This study was conducted in 2 rounds, in which each study expert was asked a series of scripted questions (eAppendix in Supplement) by one of us (N.J.H.): (1) Round 1 (“think-aloud protocol”). The 7 retinal images were shown individually and in the same order to each expert, who was asked to diagnose each image as either plus disease, pre-plus disease, or neither plus nor pre-plus. Each expert was asked to verbalize thoughts while reviewing the image, explain the process that led to the final diagnosis, and annotate the most important findings on the printed image using a marking pen. Finally, each expert was asked to rate the degree of confidence in the diagnosis for each image (certain, somewhat certain, or uncertain). Experts were encouraged by the observer (N.J.H.) to verbalize all of their thoughts but were not otherwise interrupted or coached during the think-aloud protocol. (2) Round 2 (“specific questions”). The 7 study images were displayed again in the same order, and each expert was asked a series of specific questions about each image. For each image, experts were asked whether the arteriolar tortuosity was sufficient for plus disease, whether the venous dilation was sufficient for plus disease, and whether the overall image reflected plus disease, pre-plus disease, or neither. Experts were asked to rank the 7 images in order of increasing arteriolar tortuosity, increasing venous dilation, and increasing overall severity of vascular abnormality. Additional specific questions were custom-tailored to each image regarding features used by experts to identify severe ROP, perceptions about the nature and location of vascular abnormalities, and other diagnostic heuristics (eAppendix in Supplement).
Each of the expert sessions was recorded using a video camera (Handycam; Sony).
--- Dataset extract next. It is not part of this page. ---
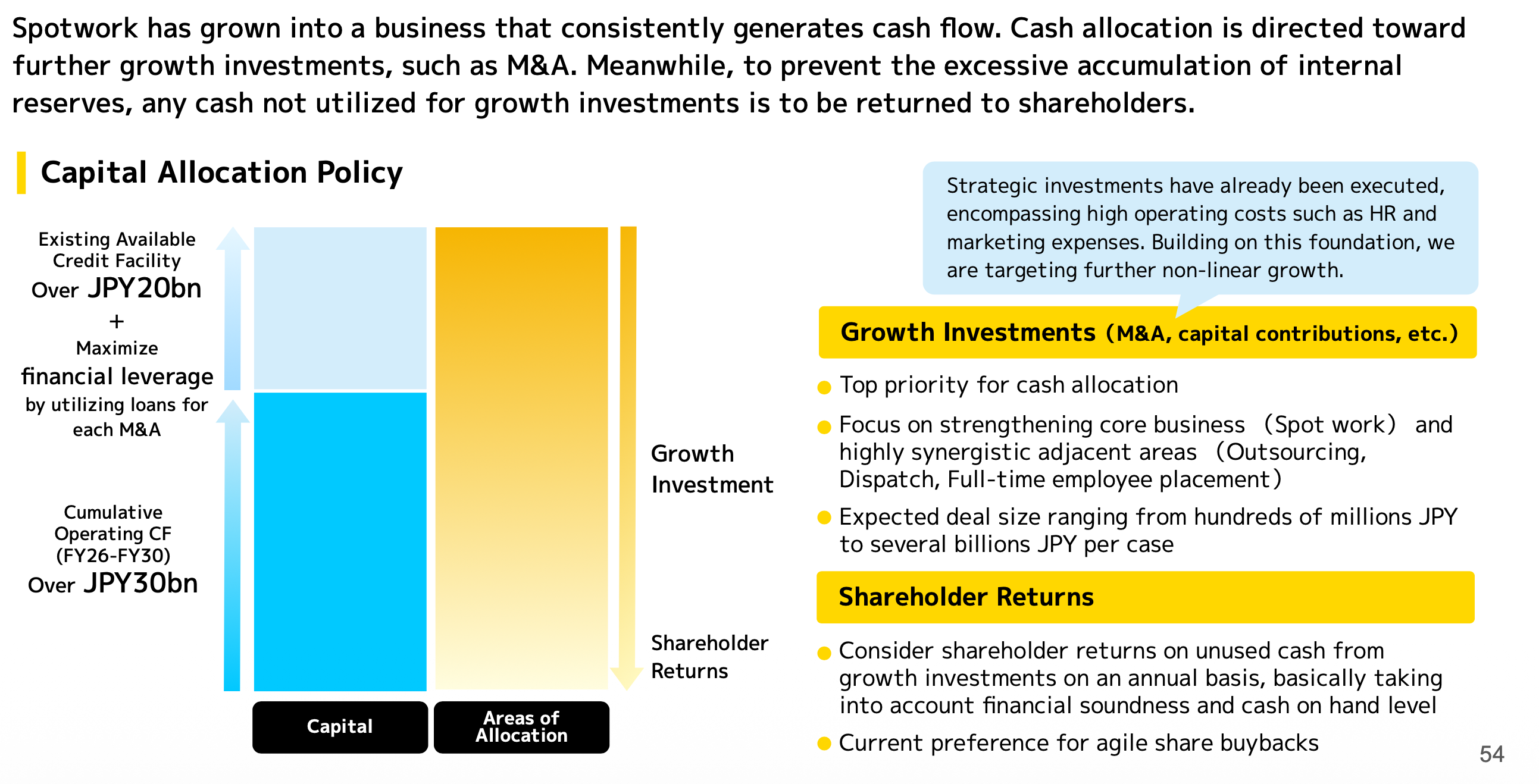 In sum, from the earnings call, it’s clear that Timee is in a critical phase of scaling its operations, with the focus on reinvesting profits into long-term growth strategies. The company is positioning itself for a growth acceleration phase in the coming fiscal year, and the transition of its fiscal year-end is a strategic move to ensure it can fully capitalize on resources during peak demand periods. While shareholder returns are important, they are secondary to ensuring that Timee continues to expand its capabilities and market presence.

A digital recorder (GarageBand; Apple) was used as a backup. The video camera was directed to record the retinal images and hands of each expert. Personal features of experts were not recorded, and experts were identified only by a study number.
In round 1 (think-aloud protocol), digital files were processed using video editing software (iMovie; Apple). All video and audio files were manually transcribed for analysis. A modified protocol of the Hassebrock coding scheme was used to analyze the transcribed files.12 The scheme was designed to analyze medical reasoning and coding of verbal think-aloud protocols. Interexpert agreement was examined based on overall diagnosis provided after the think-aloud protocol. Specific examples were identified to represent differences in underlying qualitative diagnostic rationale among experts.
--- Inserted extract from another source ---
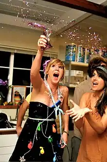 Конфетти́[1][2] (итал. confetti) — разноцветные, обычно бумажные кружочки мелкого размера, неотъемлемый атрибут праздников, в основном, балов, карнавалов, триумфальных шествий, но также дней рождения и свадебных торжеств. Конфетти осыпают друг друга участники празднеств или его сбрасывают сверху.

In round 2 (specific questions), interexpert agreement was examined by calculating correlation coefficients among each pair of experts who were asked to rank the 7 retinal images from least to most severe based on arterial tortuosity alone, venous dilation alone, and overall severity of vascular abnormalities related to plus disease. A published scale was used to interpret correlation coefficients: 0 to 0.30, small correlation; 0.31 to 0.50, medium correlation; and 0.51 to 1.00, strong correlation.13
Intraexpert agreement in plus disease diagnosis was calculated. As described earlier, each expert initially provided a diagnosis (plus, pre-plus, or neither) in round 1 while “thinking aloud” to explain their rationale. Each expert then provided a diagnosis in round 2 after responding to a series of questions about specific image features. Absolute intraexpert agreement and κ statistic were calculated for each expert using these diagnoses. A published scale was used to interpret κ values: 0 to 0.20, slight agreement; 0.21 to 0.40, fair agreement; 0.41 to 0.60, moderate agreement; 0.61 to 0.80, substantial agreement; and 0.81 to 1.00, near-perfect agreement.14
Finally, data from rounds 1 and 2 were analyzed to identify qualitative retinal features contributing to the ROP diagnostic process by experts and identify the relationship among individual retinal features and overall diagnosis.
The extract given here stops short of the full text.